- Title: Text Indexer
- Author: Guillem Nicolau Alomar Sitjes
- Initial release: June 16th, 2017
- Code version: 0.1
- Availability: Public
Index
Just a text indexer for fast text searches. Similar to a grep, but for several words at the same time, giving an ordered list as a result, with a % of the words in the input that appear in each file.
- Java
Currently, there are two available indexing modes to choose:
-
- Indexing by file (Default mode)
- Data is stored in a "file: words in file" shape
-
- Indexing by word
- Data is stored in a "word: files where it appears" shape
-
- Indexing by file and Indexing by word
The mode can be passed as a parameter when executing the application.

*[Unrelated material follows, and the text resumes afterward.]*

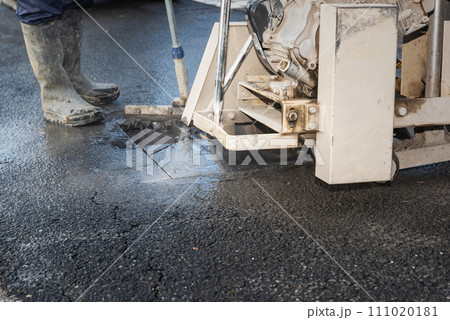 Worker cutting asphalt road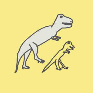 けんかするほど仲良しな恐竜の親子。大きな体と心で、はるか昔からみんなのことを見守っている。

It has been tested with +1.25GB of data. For a bigger dataset, it might give memory problems. In this case, having the data in a DDBB would solve the memory problems (as long as the dataset fits in your laptop disk, otherwise you could store it in a server). The 'IndexableDirectory' folder only contains some small files used for testing (I have not put the +1GB files that I used for GitHub storage reasons).
A good parallel implementation would improve the performance.
Several tests will be done in order to obtain some performance data to evaluate them. I guess that the proportion WordsRange/NumFiles will be the main way to choose between them. Some performance results have already been taken and can be seen in the PerformanceTests folder.